With all the commotion and fury targeting Sanofi’s Dengvaxia in the Philippines, the country has only now suspended the vaccine’s approval and fined the drugmaker a symbolic $2,000, Reuters reported.
The decision, sent to Sanofi Pasteur on Dec. 29, puts Dengvaxia’s marketing authorization on hold for a year. In a statement sent to FiercePharma, Sanofi said the Department of Health's suspension is not over the product’s quality, but “is linked to an alleged failure to comply with post-marketing requirements.”
Sanofi refuted the claim it didn't meet requirements, stressing it has conducted post-approval pharmacovigilance activities in compliance with international and Philippine laws.
After Sanofi released an analysis late November revealing that the dengue shot might cause more serious reactions in those who haven't had prior exposure to the virus, health authorities in the Philippines immediately halted the immunization program.
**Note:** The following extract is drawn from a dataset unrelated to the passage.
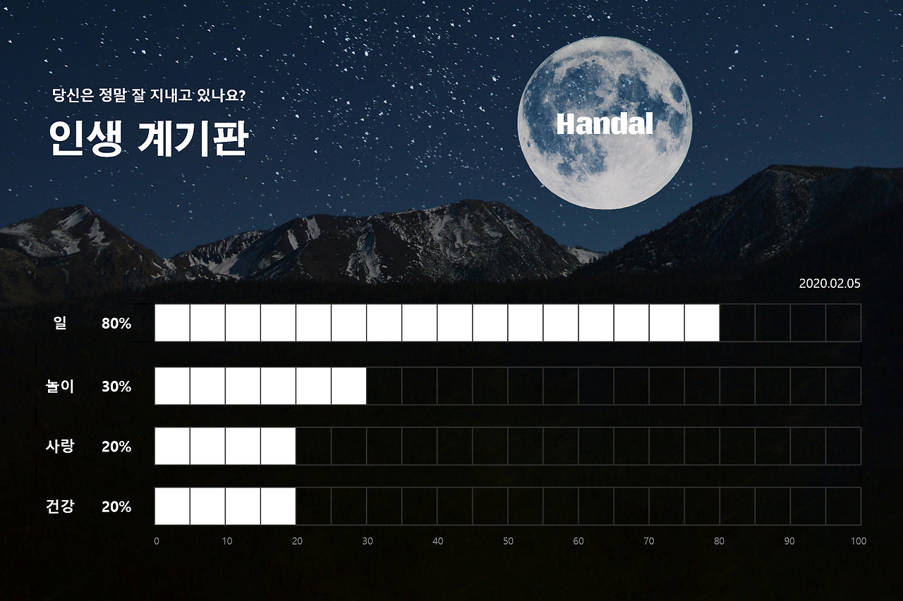 일 80%, 놀이 30%, 사랑 20%, 건강 20%
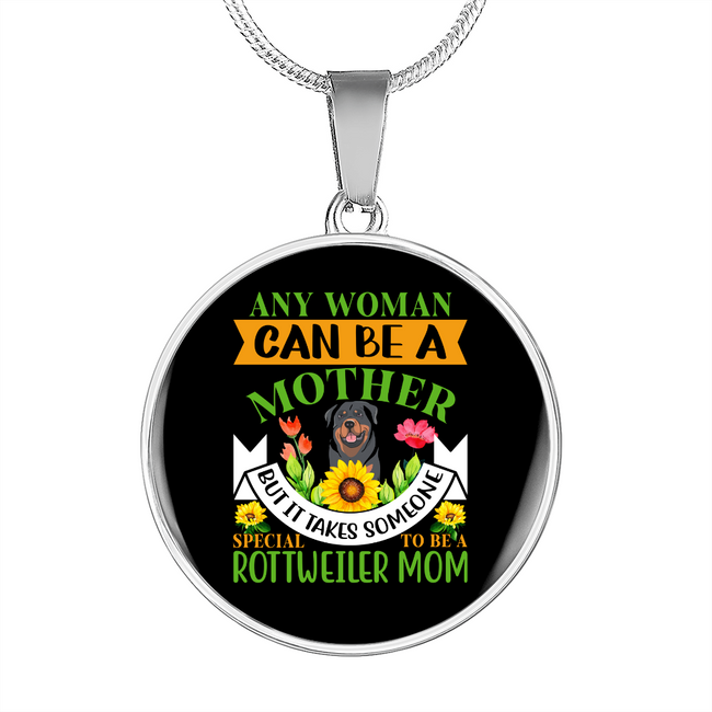 Mother Rottweller Mom Circle Necklace Stainless Steel or 18k Gold 18-22"

“Sanofi Pasteur will continue to cooperate in full transparency with the Philippines FDA and is committed to comply with the Philippines laws and regulations,” the company said in a statement.
The current punishment doesn't touch on the government's procurement process for the beleaguered vaccine, which is actually the subject of investigations and a civilian petition asking for criminal charges against government officials and Sanofi executives. Tougher penalties might still follow if any wrongdoings are found.
Some in the country have accused Sanofi of colluding with the previous administration to obtain fast approval for a $70 million mass immunization program, and some people have doubts about the shot’s safety profile. Sanofi has stressed its vaccine can provide a valuable benefit if given in the right situation.